The time-lapse results have shown clear resistivity changes in the underground at the Bergaåsen site before and after the salting season. They most probably can be attributed to salinity changes and as reflecting the hydrogeological situation. However, temperature effects are superimposed and it is likely that different geological materials exhibit different resistivity changes for the same salinity, saturation or temperature increase or decrease, so that more information would be needed for a more precise interpretation. Similar difficulties were experienced by e.g. Rein et al. (2004), and Aaltonen (2001) has noted large seasonal variations of resistivity in Swedish soils (68% of the mean value in sandy soils). However, she has mostly studied finer-grained soils, which, apart from a few exceptions, reach their highest resistivity in the autumn, and the fluctuations of the water table also play a role. Better knowledge of the properties of the different material’s or direct measurements of salinity and temperature in the ground would certainly be useful.

It would have been interesting to measure sections more times between autumn and spring, especially during alternating snow and cold episodes when more salt is spread, and during milder periods. We might have seen salt transport in progress and a general trend along the winter instead of the result of a whole season’s accumulation. Unfortunately, economic considerations precluded such monitoring.
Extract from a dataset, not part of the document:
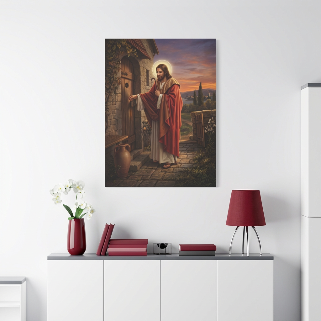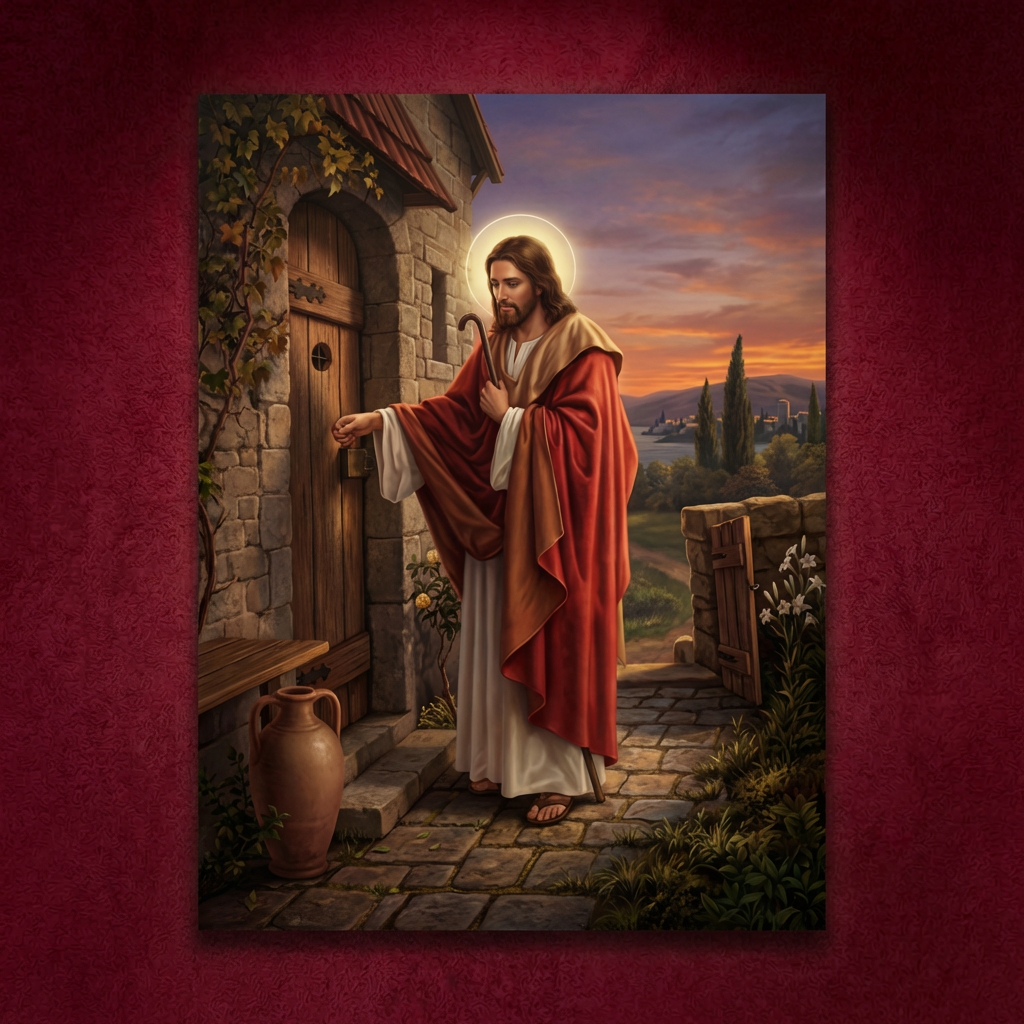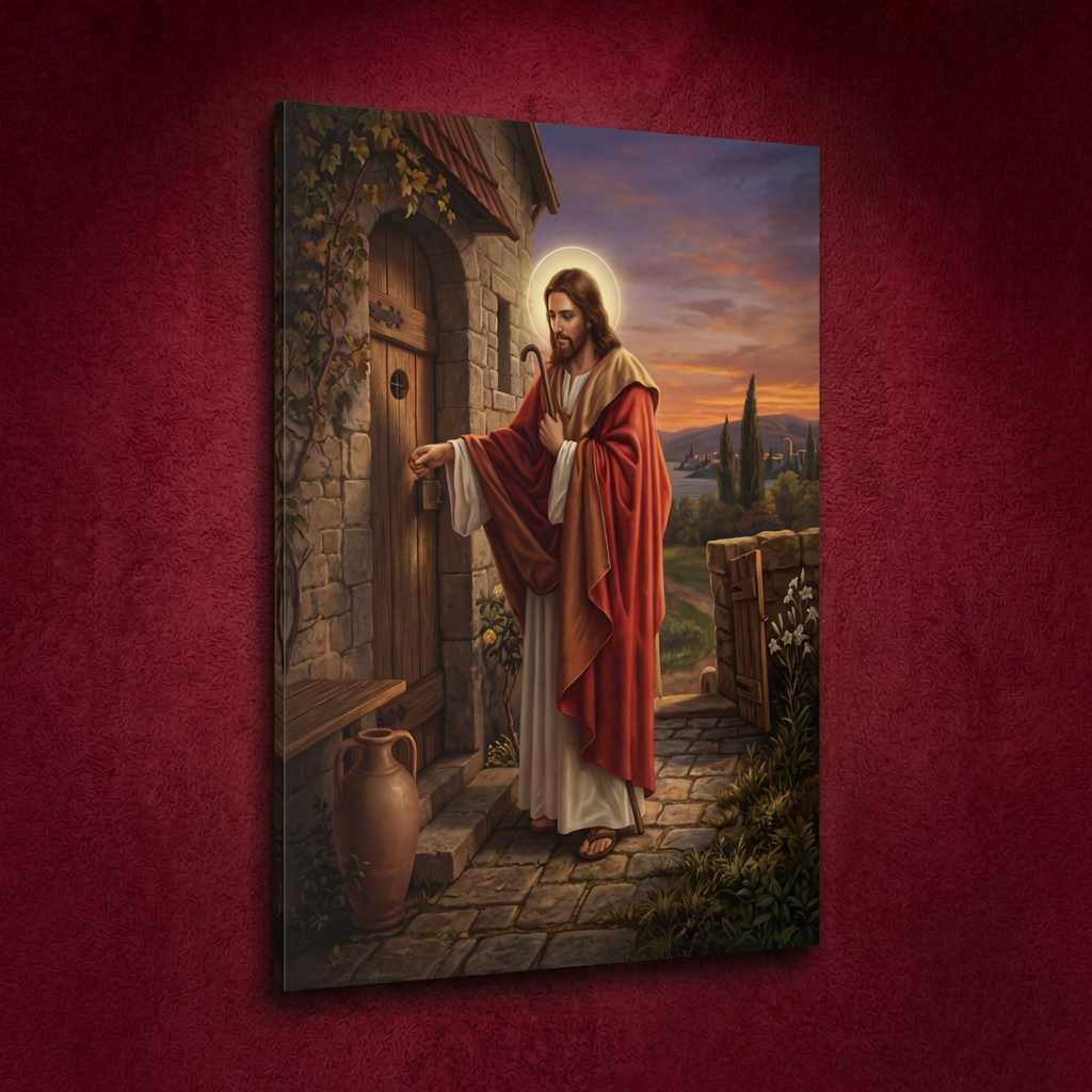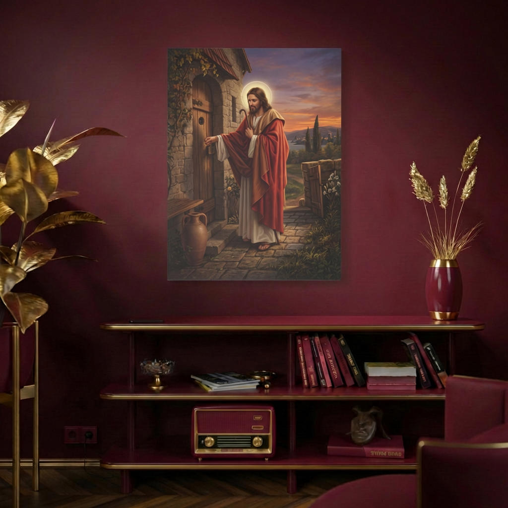 ይህ ልብን የሚነካ ሥዕለ አድኅኖ፣ ጌታችንና መድኃኒታችን ኢየሱስ ክርስቶስ በልባችን በር ላይ ቆሞ በታላቅ ትዕግሥትና ፍቅር ሲያንኳኳ ያሳያል። ይህ ሥዕል ጌታችን በግዳጅ ሳይሆን በፈቃዳችን እንድንቀበለው የሚያደርገውን ዘላለማዊ ጥሪ የሚያስታውስ ነው። በቤትዎ ሲሰቀል፣ ዘወትር ልብዎንና ቤትዎን ለክርስቶስ ክፍት አድርገው እንዲጠብቁ፣ እንዲሁም የእርሱን መንፈሳዊ ድምፅ ለመስማት እንዲተጉ ያነቃቃዎታል።

Some questions remain concerning the interpreted resistivity variations observed. Their predominant cause is unclear and probably varies from one lithological formation to another; it is also possible that artefacts were created by the interpretation, hence variations exaggerated or inappropriately placed them. However, variations of the same range were observed in the apparent resistivity.

This study gives an example of the method’s applicability in the field, but it also clearly shows that comparison with relevant information of a different nature would be required to get the best of the geoelectrical imaging, especially in a complex lithology with relatively small salinity changes over a year.

Induced polarisation might constitute an interesting complementary method in such a case, since it might make it possible to distinguish between the effects of increased salinity and increased fine contents in resistivity decrease. However, it would have to overcome the high grounding resistances at the site, also sufficient depth has to be reached for the investigation, which is sometimes difficult.